● **Records contained in a dataset**
======

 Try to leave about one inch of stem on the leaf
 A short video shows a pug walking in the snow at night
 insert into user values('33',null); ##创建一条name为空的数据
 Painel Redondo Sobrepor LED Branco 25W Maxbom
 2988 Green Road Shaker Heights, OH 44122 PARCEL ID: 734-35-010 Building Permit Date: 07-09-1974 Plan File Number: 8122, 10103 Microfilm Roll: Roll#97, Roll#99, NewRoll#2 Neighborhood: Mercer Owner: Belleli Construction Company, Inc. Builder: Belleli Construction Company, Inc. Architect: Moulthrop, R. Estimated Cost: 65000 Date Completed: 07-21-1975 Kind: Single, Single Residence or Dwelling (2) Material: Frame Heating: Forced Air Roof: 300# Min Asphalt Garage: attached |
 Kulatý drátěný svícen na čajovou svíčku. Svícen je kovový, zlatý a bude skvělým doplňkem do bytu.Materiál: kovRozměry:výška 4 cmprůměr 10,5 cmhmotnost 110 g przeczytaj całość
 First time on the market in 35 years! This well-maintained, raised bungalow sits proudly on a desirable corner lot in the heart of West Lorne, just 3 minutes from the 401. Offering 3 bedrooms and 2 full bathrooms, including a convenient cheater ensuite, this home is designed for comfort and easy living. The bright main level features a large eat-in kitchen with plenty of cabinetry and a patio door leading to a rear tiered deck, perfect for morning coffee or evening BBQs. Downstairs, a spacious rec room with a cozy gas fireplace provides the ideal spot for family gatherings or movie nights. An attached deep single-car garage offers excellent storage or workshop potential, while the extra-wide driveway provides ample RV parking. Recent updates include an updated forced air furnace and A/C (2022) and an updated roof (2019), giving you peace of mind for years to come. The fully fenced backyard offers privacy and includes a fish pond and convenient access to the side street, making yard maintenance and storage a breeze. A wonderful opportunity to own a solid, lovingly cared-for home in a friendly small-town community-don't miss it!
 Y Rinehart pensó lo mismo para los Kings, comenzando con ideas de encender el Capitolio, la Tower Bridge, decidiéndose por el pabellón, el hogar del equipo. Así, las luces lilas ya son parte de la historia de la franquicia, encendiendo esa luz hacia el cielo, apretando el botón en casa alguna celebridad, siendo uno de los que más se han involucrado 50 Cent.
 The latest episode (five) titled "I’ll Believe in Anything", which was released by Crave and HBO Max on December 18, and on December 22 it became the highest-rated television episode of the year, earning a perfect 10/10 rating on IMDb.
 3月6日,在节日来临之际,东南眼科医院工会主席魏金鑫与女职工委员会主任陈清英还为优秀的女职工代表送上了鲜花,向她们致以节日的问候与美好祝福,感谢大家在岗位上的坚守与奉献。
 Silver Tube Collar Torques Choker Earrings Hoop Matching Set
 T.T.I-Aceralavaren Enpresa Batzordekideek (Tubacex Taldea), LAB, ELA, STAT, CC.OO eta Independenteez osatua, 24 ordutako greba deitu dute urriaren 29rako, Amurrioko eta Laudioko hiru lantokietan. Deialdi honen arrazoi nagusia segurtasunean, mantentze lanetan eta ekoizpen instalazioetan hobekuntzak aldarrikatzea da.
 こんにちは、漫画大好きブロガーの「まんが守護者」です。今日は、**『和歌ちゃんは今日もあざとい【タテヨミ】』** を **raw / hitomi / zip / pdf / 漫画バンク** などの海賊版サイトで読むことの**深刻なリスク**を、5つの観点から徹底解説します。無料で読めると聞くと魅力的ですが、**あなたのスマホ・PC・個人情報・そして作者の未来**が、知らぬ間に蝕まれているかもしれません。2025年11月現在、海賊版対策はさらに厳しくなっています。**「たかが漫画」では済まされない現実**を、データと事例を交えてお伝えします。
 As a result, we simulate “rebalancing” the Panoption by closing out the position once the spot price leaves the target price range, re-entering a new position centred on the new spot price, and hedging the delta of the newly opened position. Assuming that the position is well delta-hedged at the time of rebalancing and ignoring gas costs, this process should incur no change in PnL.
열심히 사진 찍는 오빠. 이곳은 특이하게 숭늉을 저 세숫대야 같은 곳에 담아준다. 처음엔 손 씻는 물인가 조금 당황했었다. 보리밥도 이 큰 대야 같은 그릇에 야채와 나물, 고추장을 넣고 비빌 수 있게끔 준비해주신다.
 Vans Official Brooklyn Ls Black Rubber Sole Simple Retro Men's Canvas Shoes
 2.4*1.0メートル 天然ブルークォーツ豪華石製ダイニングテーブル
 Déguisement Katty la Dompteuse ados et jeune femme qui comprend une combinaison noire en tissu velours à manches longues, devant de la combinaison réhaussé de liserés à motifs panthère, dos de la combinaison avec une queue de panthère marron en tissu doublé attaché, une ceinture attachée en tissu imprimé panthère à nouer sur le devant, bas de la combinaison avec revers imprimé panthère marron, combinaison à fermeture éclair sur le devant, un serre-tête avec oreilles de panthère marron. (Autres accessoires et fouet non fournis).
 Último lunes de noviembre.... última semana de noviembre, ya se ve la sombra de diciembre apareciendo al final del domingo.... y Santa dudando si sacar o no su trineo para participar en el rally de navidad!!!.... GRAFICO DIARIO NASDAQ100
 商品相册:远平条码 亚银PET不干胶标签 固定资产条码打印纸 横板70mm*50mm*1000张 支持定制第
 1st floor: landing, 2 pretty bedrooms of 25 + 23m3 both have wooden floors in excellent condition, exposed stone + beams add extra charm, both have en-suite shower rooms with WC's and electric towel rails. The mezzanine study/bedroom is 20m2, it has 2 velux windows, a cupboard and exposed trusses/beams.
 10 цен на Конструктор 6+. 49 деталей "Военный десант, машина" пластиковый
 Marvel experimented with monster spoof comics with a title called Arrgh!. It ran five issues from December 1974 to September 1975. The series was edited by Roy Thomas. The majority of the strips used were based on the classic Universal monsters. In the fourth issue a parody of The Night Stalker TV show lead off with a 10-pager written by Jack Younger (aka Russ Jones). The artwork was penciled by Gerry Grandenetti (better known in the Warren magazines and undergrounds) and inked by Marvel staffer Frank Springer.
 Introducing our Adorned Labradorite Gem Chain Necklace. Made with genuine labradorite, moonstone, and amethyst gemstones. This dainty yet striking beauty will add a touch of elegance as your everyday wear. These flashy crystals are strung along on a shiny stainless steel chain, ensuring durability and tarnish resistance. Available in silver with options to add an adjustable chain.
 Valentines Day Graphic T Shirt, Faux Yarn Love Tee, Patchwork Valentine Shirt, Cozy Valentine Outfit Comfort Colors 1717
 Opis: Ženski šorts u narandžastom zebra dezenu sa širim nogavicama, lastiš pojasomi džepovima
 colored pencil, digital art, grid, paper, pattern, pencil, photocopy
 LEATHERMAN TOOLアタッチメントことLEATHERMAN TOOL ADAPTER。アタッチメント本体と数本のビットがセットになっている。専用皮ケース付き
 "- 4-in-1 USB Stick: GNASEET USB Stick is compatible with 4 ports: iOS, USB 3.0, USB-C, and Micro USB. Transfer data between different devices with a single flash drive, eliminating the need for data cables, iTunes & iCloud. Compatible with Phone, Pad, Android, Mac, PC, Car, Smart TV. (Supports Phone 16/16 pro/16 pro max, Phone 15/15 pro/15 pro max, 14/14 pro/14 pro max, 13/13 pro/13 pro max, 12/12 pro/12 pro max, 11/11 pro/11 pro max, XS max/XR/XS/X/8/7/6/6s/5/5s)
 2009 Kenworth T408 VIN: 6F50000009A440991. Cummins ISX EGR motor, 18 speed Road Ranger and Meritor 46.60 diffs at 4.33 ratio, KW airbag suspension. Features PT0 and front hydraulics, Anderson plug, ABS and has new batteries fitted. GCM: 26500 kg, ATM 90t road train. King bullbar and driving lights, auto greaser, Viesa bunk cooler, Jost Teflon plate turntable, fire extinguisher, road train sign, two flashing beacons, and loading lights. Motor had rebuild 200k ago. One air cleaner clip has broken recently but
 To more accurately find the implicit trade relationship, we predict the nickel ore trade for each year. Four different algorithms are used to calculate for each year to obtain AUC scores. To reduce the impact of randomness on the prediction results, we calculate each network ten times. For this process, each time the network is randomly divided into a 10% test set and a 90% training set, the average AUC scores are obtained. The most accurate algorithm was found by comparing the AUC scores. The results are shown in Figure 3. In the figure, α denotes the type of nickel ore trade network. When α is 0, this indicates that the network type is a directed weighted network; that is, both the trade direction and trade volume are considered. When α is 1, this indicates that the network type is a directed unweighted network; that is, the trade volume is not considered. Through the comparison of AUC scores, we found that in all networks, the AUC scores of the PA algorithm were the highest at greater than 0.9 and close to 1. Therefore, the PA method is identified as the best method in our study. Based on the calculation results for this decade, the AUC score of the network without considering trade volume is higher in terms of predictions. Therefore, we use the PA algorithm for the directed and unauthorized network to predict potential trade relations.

======

● **Exercise prompt**
Copy out, exactly and alone, the lines of the entries above between the ones holding "Valentines Day Graphic" and "2009 Kenworth T408", inclusive.

● **Output for this task**
 Valentines Day Graphic T Shirt, Faux Yarn Love Tee, Patchwork Valentine Shirt, Cozy Valentine Outfit Comfort Colors 1717
 Opis: Ženski šorts u narandžastom zebra dezenu sa širim nogavicama, lastiš pojasomi džepovima
 colored pencil, digital art, grid, paper, pattern, pencil, photocopy
 LEATHERMAN TOOLアタッチメントことLEATHERMAN TOOL ADAPTER。アタッチメント本体と数本のビットがセットになっている。専用皮ケース付き
 "- 4-in-1 USB Stick: GNASEET USB Stick is compatible with 4 ports: iOS, USB 3.0, USB-C, and Micro USB. Transfer data between different devices with a single flash drive, eliminating the need for data cables, iTunes & iCloud. Compatible with Phone, Pad, Android, Mac, PC, Car, Smart TV. (Supports Phone 16/16 pro/16 pro max, Phone 15/15 pro/15 pro max, 14/14 pro/14 pro max, 13/13 pro/13 pro max, 12/12 pro/12 pro max, 11/11 pro/11 pro max, XS max/XR/XS/X/8/7/6/6s/5/5s)
 2009 Kenworth T408 VIN: 6F50000009A440991. Cummins ISX EGR motor, 18 speed Road Ranger and Meritor 46.60 diffs at 4.33 ratio, KW airbag suspension. Features PT0 and front hydraulics, Anderson plug, ABS and has new batteries fitted. GCM: 26500 kg, ATM 90t road train. King bullbar and driving lights, auto greaser, Viesa bunk cooler, Jost Teflon plate turntable, fire extinguisher, road train sign, two flashing beacons, and loading lights. Motor had rebuild 200k ago. One air cleaner clip has broken recently but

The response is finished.